DT: Were there differences between the original script that won the award and the final version?

KL: Yes, of course, because filmmaking or making any art is not like making any other product, like television or video. If you have a design or parts you can combine them to make a product, but when you make art it goes through a quite different process, pretty organic I think. It is like a plant with its own life and grows up. You have to always watch the pot, to see how it grows and grows. So it always changes. As a filmmaker you have to adapt to these changes, and keep your eyes on this process.

PR: I was wondering how visual the script was because the style of your film is very different from a conventional film. Did your script include how the film was going to be shot?

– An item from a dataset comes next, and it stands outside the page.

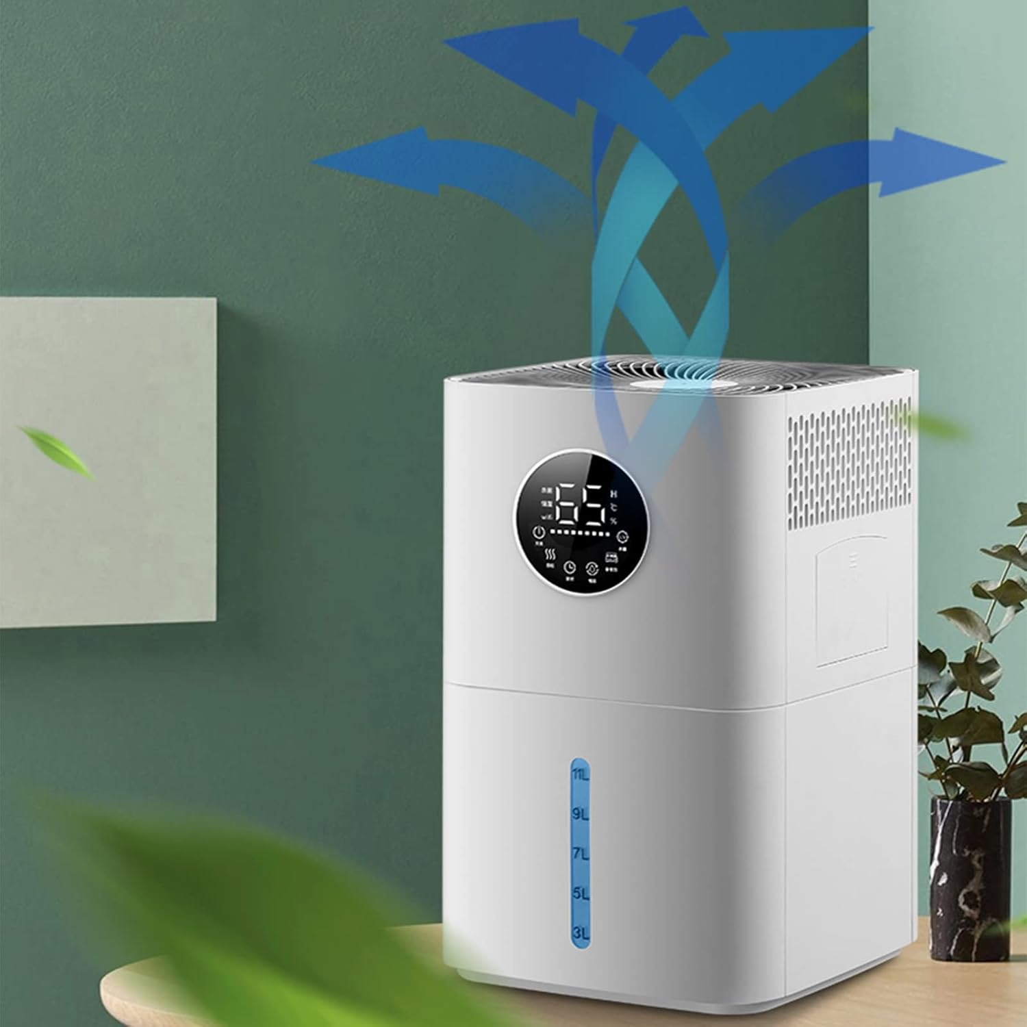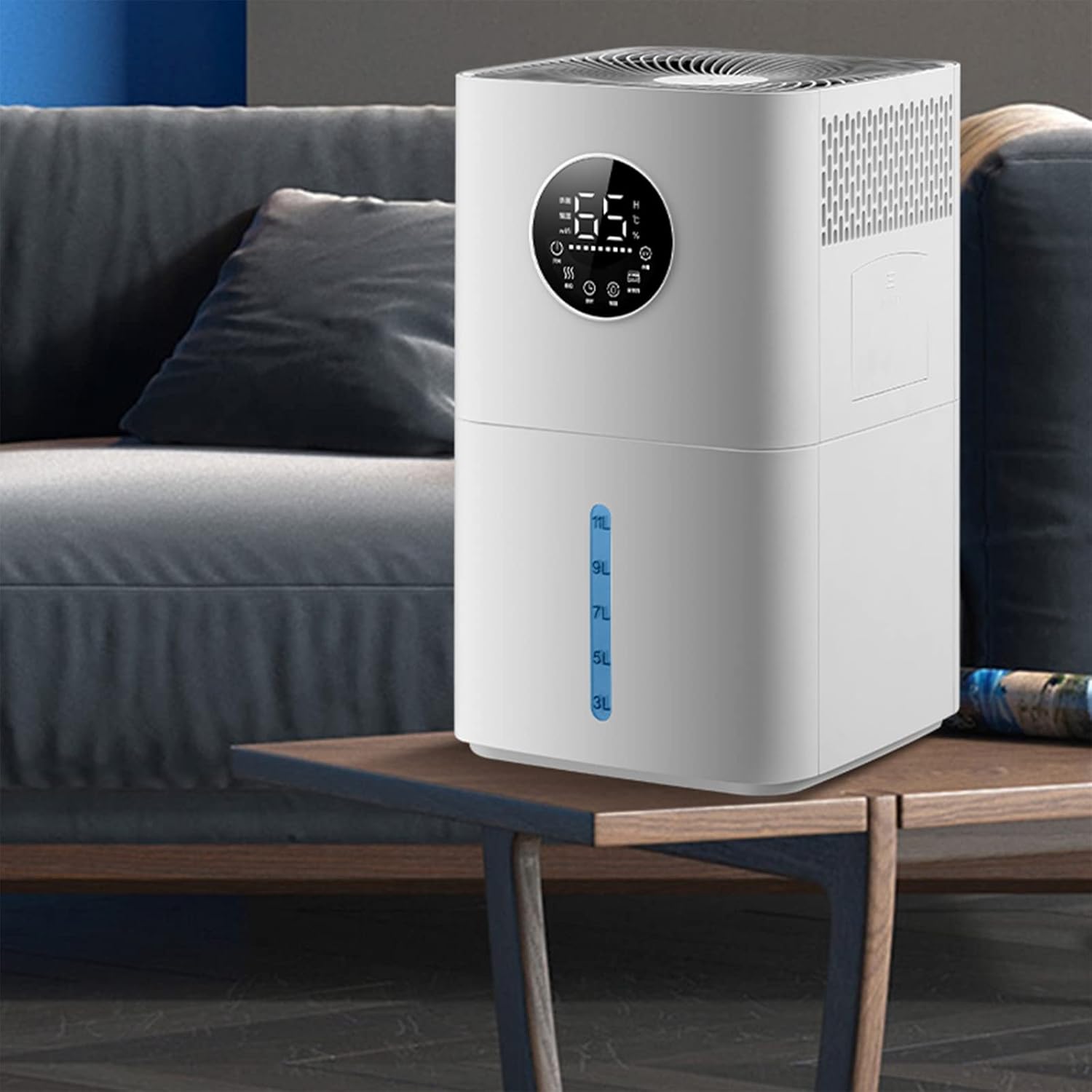 Product features CONSTANT SMART HUMIDITY Built-in humidistat accurately detects the humidity in your room. Auto adjusts to your preset humidity level. LED display will turn off on sleep mode. Low noise level will not disturb your relaxation, learning, working and sleeping. 3 ADJUSTABLE MIST LEVELS 3 mist level settings to switch between output make it easy to adjust the mist speed to your preference and provide free breathing. EASY ACCESS TO REFILLING The top fill design allows you to easily open it to add water to the tank. You don't even need to take out the tank to refill it, makes filling up a breeze. You can also fill the tap water directly. 11l large tank Our large room humidifier is designed for rooms of more than 60 m² and features a 11L tank with a powerful mist output of up to 600 ml/hr. Each tank is designed to last up to 35 hours before refilling. Product Information. Name: Non-fog humidifier Rated voltage: 220V/50Hz. Rated capacity: 11L. Maximum evaporation capacity: 600 ml/h. Product size: 425 x 265 x 265 mm. Applicable area: More than 60 m². Water tank capacity: more than 10 litres. Applicable object: Household Operation mode: Dual-use mechanical remote control. Timing function: More than 8 hours. Water shortage and power failure protection: support. Power supply mode: AC. Packing list 1 x humidifier. 1 x user manual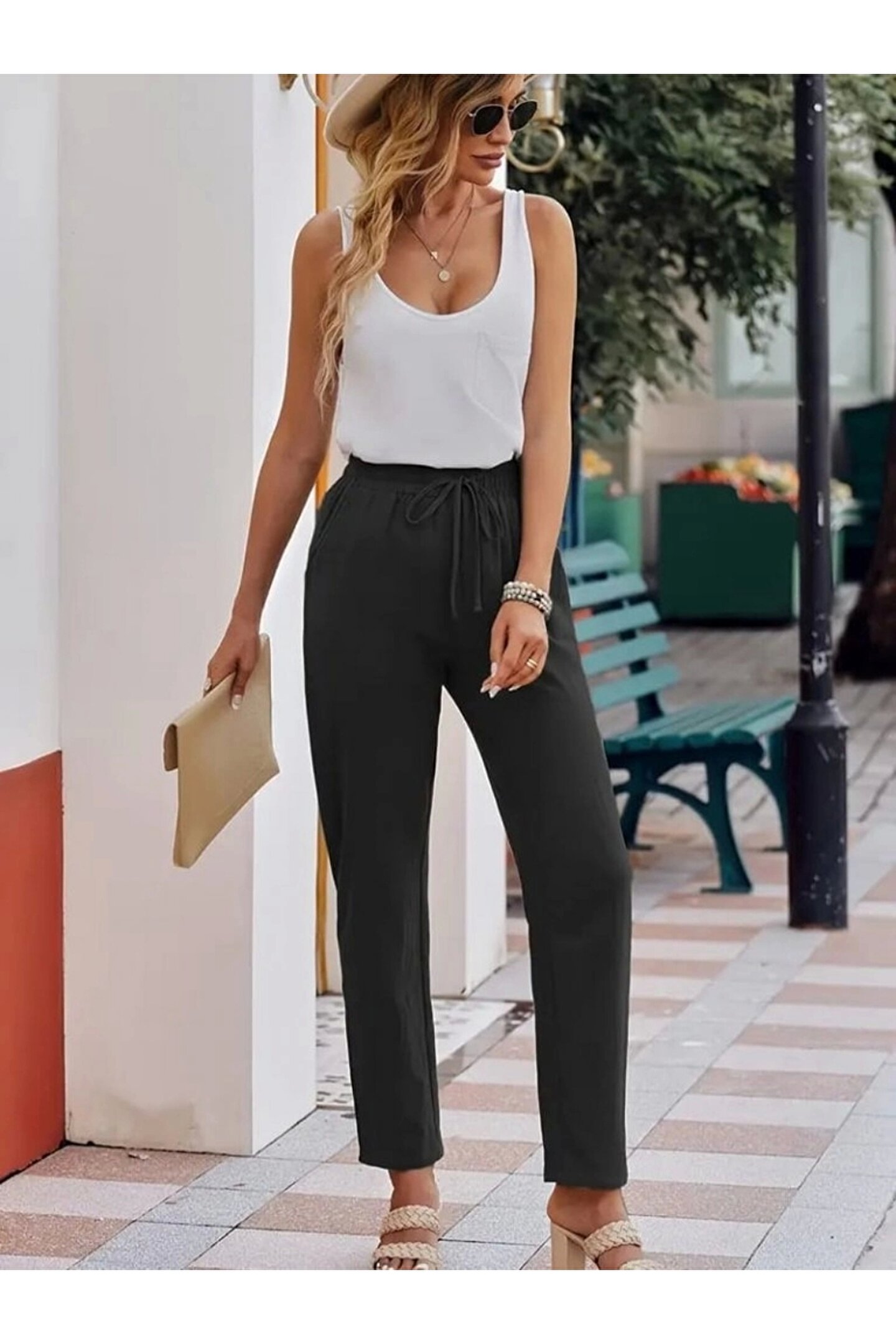 la mode istanbul Kadın Beli Lastikli Keten Pantolon

KL: No, not at all. It was a pretty conventional screenplay because I wrote this screenplay in 1988 and I just started to study filmmaking in 1986, so after studying filmmaking for two years I don’t think I had any ideas for the film’s style or filmmaking. As I’ve said, I’m from a literature background so the screenplay was pretty much like literature. It was a very conventional drama. When I got a chance to direct this film, my idea for film had changed from when I wrote the script. I found myself in a real dilemma in terms of how I would direct this film because the script was too dramatic and there was too much storytelling. I had to decide how to break down the storytelling and how to say it the way I really wanted to say. I tried to re-write the screenplay into a totally different form. And during the process I made many decisions to make drastic changes. The final version is quite different from the original screenplay. I finally finished the screenplay last summer before I started shooting.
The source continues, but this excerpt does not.